→ Task details: Below are some records. Output the lines from the first one through the line that holds "joli portrait, qui", exactly as written, with no pictures.

→ Exercise input:
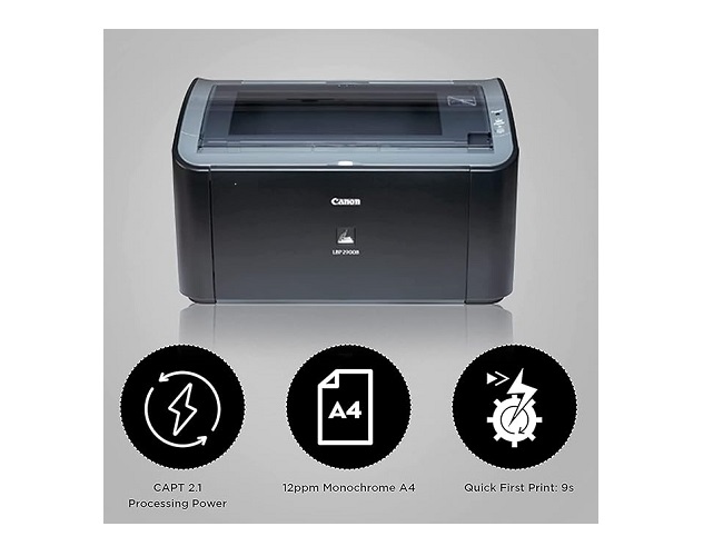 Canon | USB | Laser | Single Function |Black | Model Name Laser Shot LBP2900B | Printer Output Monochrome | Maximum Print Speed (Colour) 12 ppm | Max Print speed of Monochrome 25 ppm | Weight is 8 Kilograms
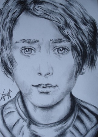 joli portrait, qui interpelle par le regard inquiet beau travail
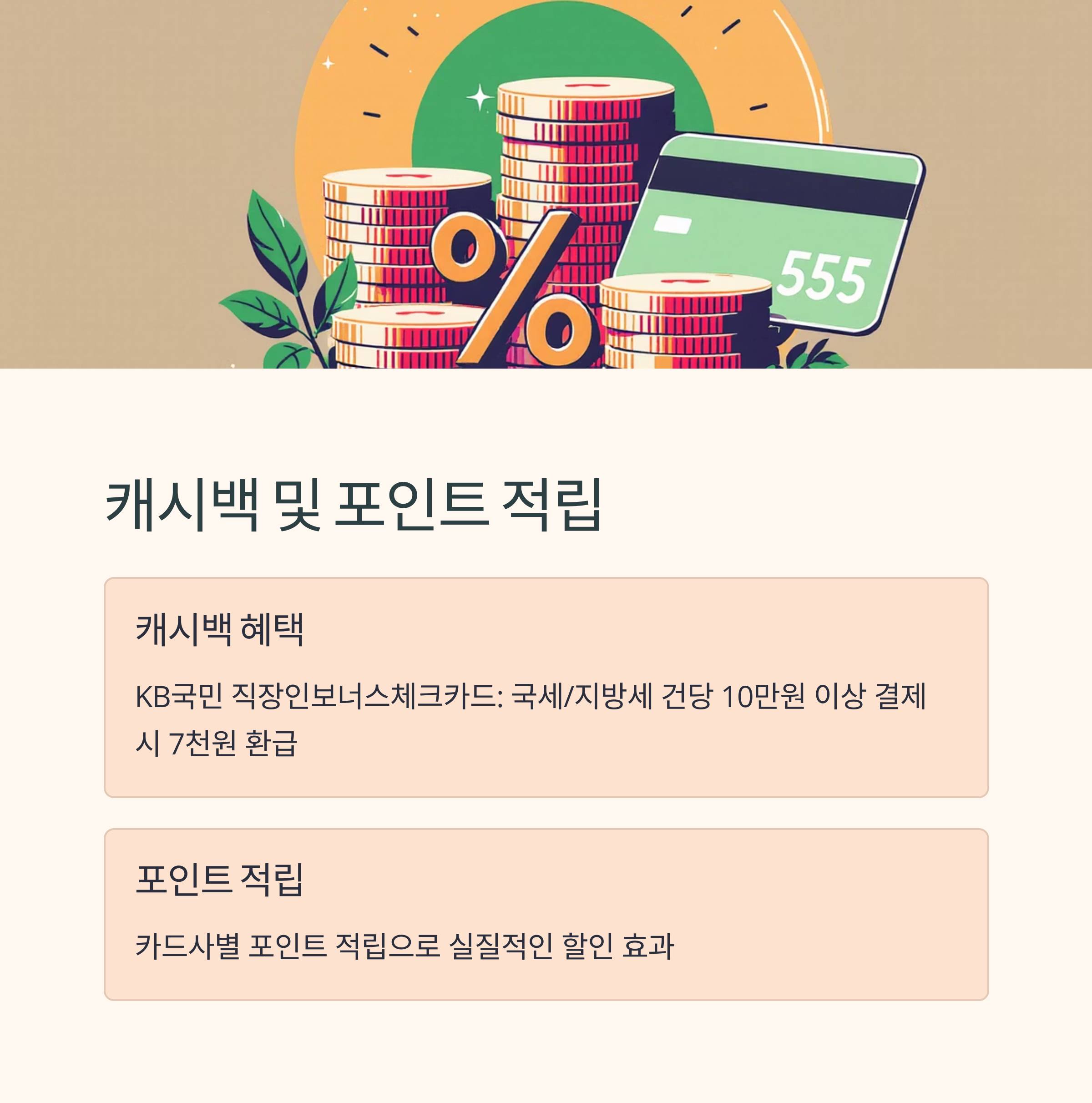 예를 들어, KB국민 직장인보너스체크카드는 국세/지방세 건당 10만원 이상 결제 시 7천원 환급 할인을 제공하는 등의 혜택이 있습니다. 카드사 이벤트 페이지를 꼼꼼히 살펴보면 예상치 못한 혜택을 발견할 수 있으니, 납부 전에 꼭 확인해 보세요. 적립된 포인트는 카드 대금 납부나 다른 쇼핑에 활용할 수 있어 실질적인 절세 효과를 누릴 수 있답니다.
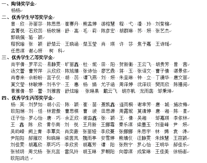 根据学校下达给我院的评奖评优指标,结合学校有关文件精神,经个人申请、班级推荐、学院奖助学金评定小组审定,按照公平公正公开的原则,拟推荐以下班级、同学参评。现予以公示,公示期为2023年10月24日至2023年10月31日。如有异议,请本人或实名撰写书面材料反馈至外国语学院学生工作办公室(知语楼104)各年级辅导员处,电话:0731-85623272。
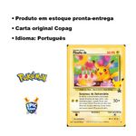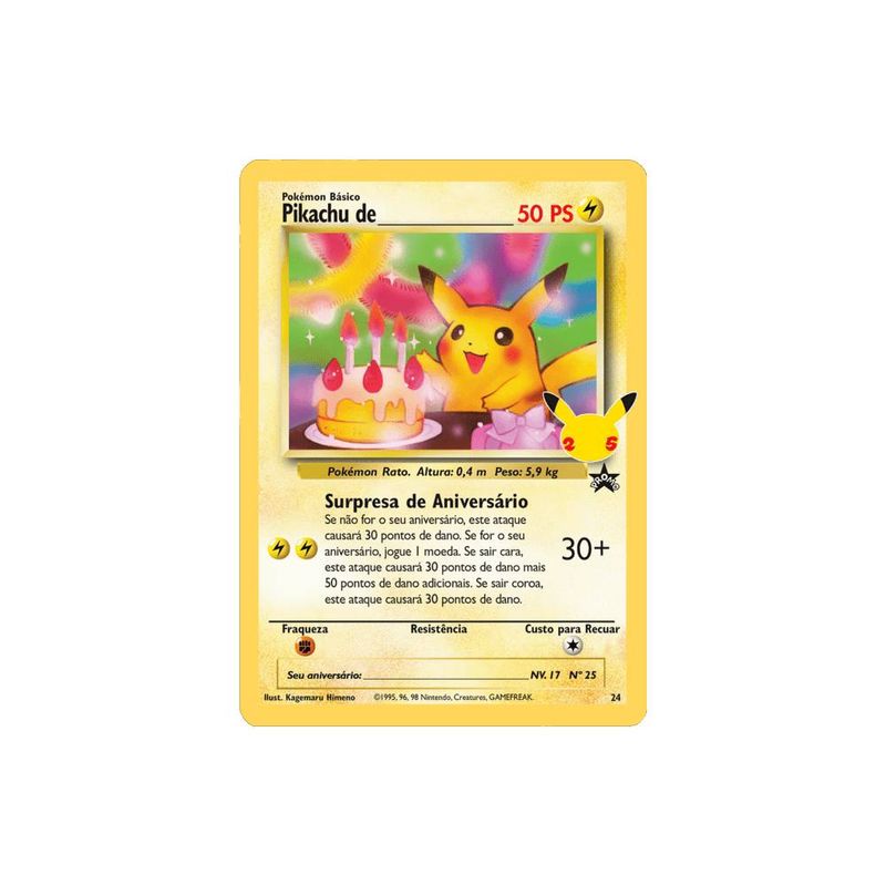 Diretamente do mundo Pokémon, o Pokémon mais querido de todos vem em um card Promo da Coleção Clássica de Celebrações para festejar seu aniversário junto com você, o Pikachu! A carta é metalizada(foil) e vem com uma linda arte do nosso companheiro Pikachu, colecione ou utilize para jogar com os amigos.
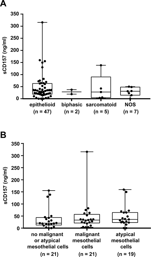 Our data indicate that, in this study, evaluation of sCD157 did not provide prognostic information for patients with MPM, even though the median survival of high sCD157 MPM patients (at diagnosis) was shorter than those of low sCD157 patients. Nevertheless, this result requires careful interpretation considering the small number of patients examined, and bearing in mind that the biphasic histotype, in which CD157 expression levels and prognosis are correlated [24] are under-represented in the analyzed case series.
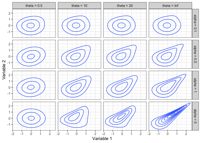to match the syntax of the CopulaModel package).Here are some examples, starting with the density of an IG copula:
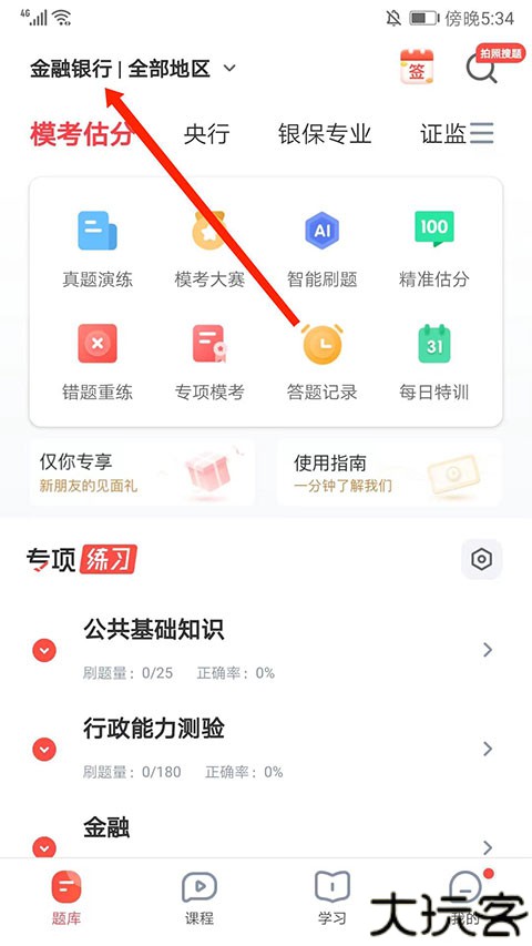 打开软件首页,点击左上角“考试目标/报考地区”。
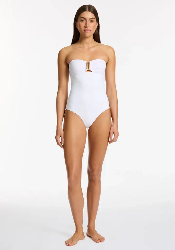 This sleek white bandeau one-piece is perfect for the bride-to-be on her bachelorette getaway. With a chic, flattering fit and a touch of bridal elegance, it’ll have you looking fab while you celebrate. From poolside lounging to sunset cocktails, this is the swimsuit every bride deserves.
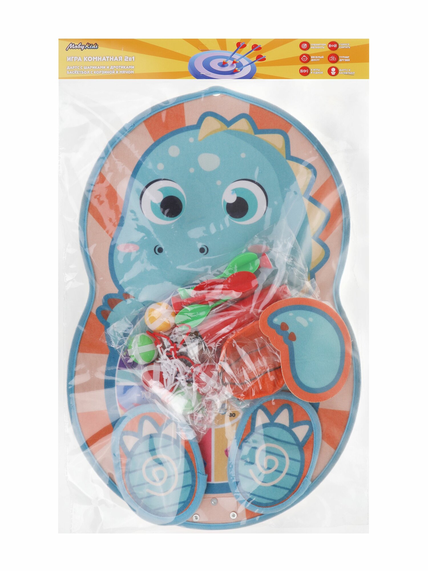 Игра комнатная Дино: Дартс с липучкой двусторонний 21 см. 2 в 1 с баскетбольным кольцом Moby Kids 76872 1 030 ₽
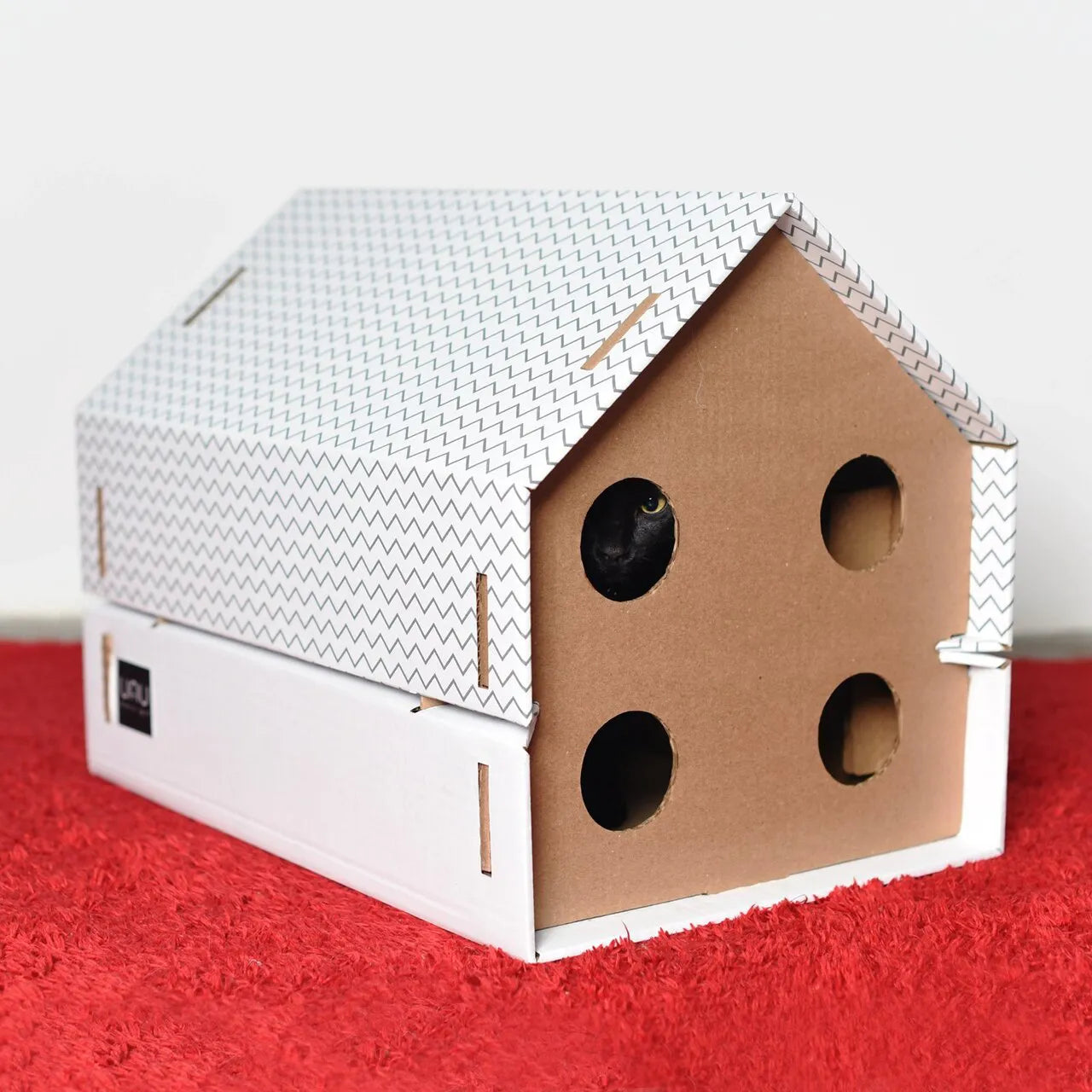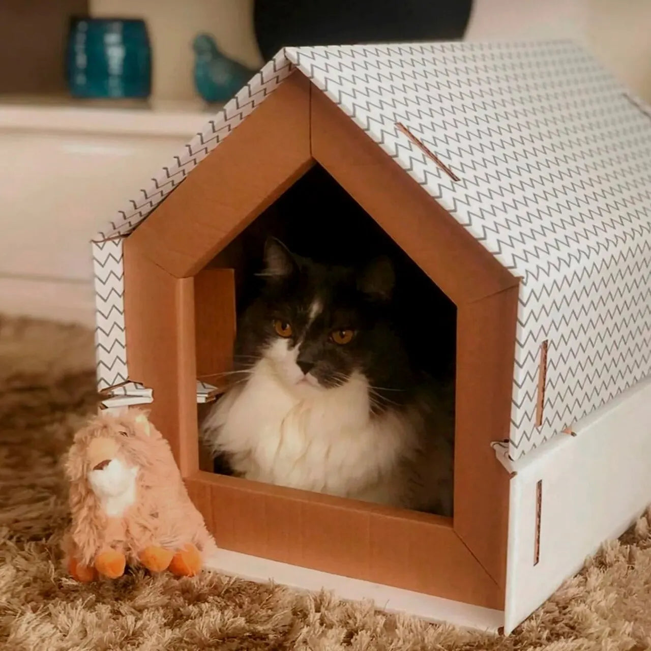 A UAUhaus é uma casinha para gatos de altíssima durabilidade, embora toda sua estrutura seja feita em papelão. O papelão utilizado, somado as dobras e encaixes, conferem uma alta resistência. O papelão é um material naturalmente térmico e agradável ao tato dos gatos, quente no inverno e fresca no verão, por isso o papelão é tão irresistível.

→ Solution to this exercise:
 Canon | USB | Laser | Single Function |Black | Model Name Laser Shot LBP2900B | Printer Output Monochrome | Maximum Print Speed (Colour) 12 ppm | Max Print speed of Monochrome 25 ppm | Weight is 8 Kilograms
 joli portrait, qui interpelle par le regard inquiet beau travail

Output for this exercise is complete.